Emerge (2017): In the current political and social landscape, standards are shifting as to how we define and present beauty and sexuality, away from the traditionally accepted phrases of photography’s language and the simplistic context of the patriarchal view. In this image there is much that can be said of visually communicated ideas of surface and emergence, but the female gaze is key in transforming what is usually seen as object to subject; in every sense of the terms as they appear in the photographic and social dogmas. As a result of a female gaze, away from rigid depictions that owe more to a historic concept of glamour and body and less to intuition and form, we see a humanity in the sensuality depicted, in its vulnerability and mystery, that owes as much to the authorship of the gaze as it does the setting or the model. PHOTO:  NONCEDO GXEKWA

Freedom (2015): Here’s to freedom. Here’s to peace. Here’s to living without fear.

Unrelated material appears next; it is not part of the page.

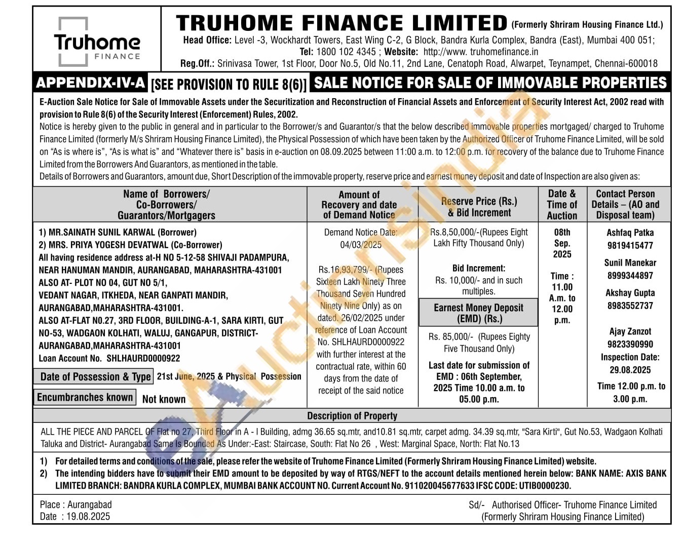 ALL THE PIECE AND PARCEL OF Flat no 27, Third Floor in A - I Building, admg 36.65 sq.mtr, and10.81 sq.mtr, carpet admg. 34.39 sq.mtr, "Sara Kirti", Gut No.53, Wadgaon Kolhati Taluka and District- Aurangabad Same Is Bounded As Under:-East: Staircase, South: Flat No 26, West: Marginal Space, North: Flat No. 13

Here’s to changing things quickly and permanently while healing the ancient wounded patterns of both violator and victim. Last week South African women united and marched for the end to the ongoing and horrific Gender Based Violence, changing our current reality with courage, strength and compassion. Enough is enough. Here’s to freedom. Here’s to peace. Here’s to living without fear. For everyone. This photograph of my friend’s daughter, taken at an outdoor festival, represents that vision of respect and safety for all. PHOTO: NICKY NEWMAN

Bessie Head (2018): The man represented in this image is a symbol of patriarchy. I have emphasised this by using the face of Bessie Head, a woman whose novels contain atypical depictions of women of the era in which she wrote… women who didn’t follow the rules society set out for them. The background reflects the setting of her novels: the huts of Botswana. This image is informed by my own experience of being mugged in 2017. It speaks to the fact that I wish I had fought back like the woman depicted in this image; instead of just screaming, also acting. This image is a celebration of the women who have fought back against violence and, by extension, the patriarchy. PHOTO: AMANDA GREEN

Queen (2017): The woman in this photograph is a boss! She has her own mind, she works hard, she is beautiful inside and out. I admire her for the charge she carries and the confidence she has. With my photography I choose to highlight the hard-working women who, though content in life, also have a sense of hope. Those that appreciate freedom and the value of self-love, “you are beautiful no matter what’. I like to capture the essence of people who appreciate the kindness that we have suckled from our mother’s breast (Ubuntu) and the way they persevere through the struggles and challenges to give us a good life. I was raised by a single mother and I have known mostly female role-models. Many of them are people who have left a very positive imprint – as I face the challenges of being a black woman photographer in Africa. PHOTO: BUSISWA MAZWANA.

The No Ordinary Women exhibition opens on Thursday evening  at the  Ph Centre,  49 Maynard Street, Gardens.

This article was amended on Thursday, August 16, 2018 to reflect the correct opening date.